- _DESCRIPTION OF THE TASK_:
Transcribe, leaving out every picture, the lines that run from the start of the listing below through the line with "Everton's Jack Grealish".

- _THE DATA_:

%%

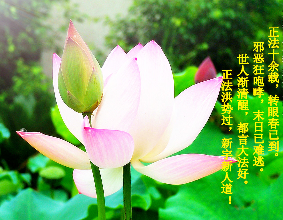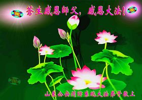 感谢师尊的慈悲苦度!此时无法用语言表达对师尊的感恩!弟子在艰难的困境中深受师尊的慈悲呵护走到了今天,也亲身体验了“正法时期的大法弟子”与师同在的法理。但是每次到“正法时期的大法弟子”时,都觉得很惭愧,因为弟子一直都是从法中获取,做的还很不够。新的一年又开始了,弟子一定努力精進,做好三件事,向内找修好自己多救人。在这正法最后的时刻,圆容师尊所要的,完成史前大愿。
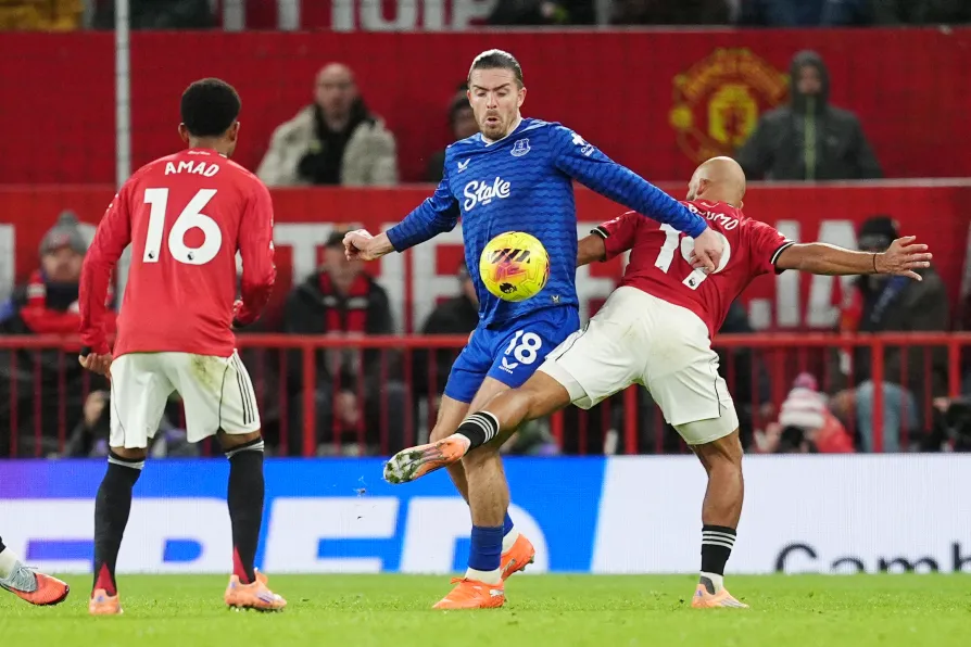 Everton's Jack Grealish and Manchester United's Bryan Mbeumo (right) battle for the ball during the Premier League match at Old Trafford, Manchester, November 24, 2025
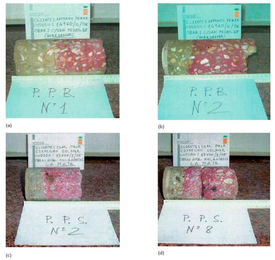 Prior to studying the different projects and as a necessary methodology for decision-making in the drafting of the execution projects, in all cases, the compressive strength and carbonation depth tests of the concrete element analyzed were carried out (two pillars in seven buildings and one pillar in three buildings, making a total of seventeen pillars) by approved quality control laboratories. All the studies were performed on the ground floor or basement pillars and in non-aggressive and normal environments, which are defined in Table 8.2.2. of EHE-08 []: General exposure classes related to rebar corrosion.

%%

- _ANSWER BELOW_:
 感谢师尊的慈悲苦度!此时无法用语言表达对师尊的感恩!弟子在艰难的困境中深受师尊的慈悲呵护走到了今天,也亲身体验了“正法时期的大法弟子”与师同在的法理。但是每次到“正法时期的大法弟子”时,都觉得很惭愧,因为弟子一直都是从法中获取,做的还很不够。新的一年又开始了,弟子一定努力精進,做好三件事,向内找修好自己多救人。在这正法最后的时刻,圆容师尊所要的,完成史前大愿。
 Everton's Jack Grealish and Manchester United's Bryan Mbeumo (right) battle for the ball during the Premier League match at Old Trafford, Manchester, November 24, 2025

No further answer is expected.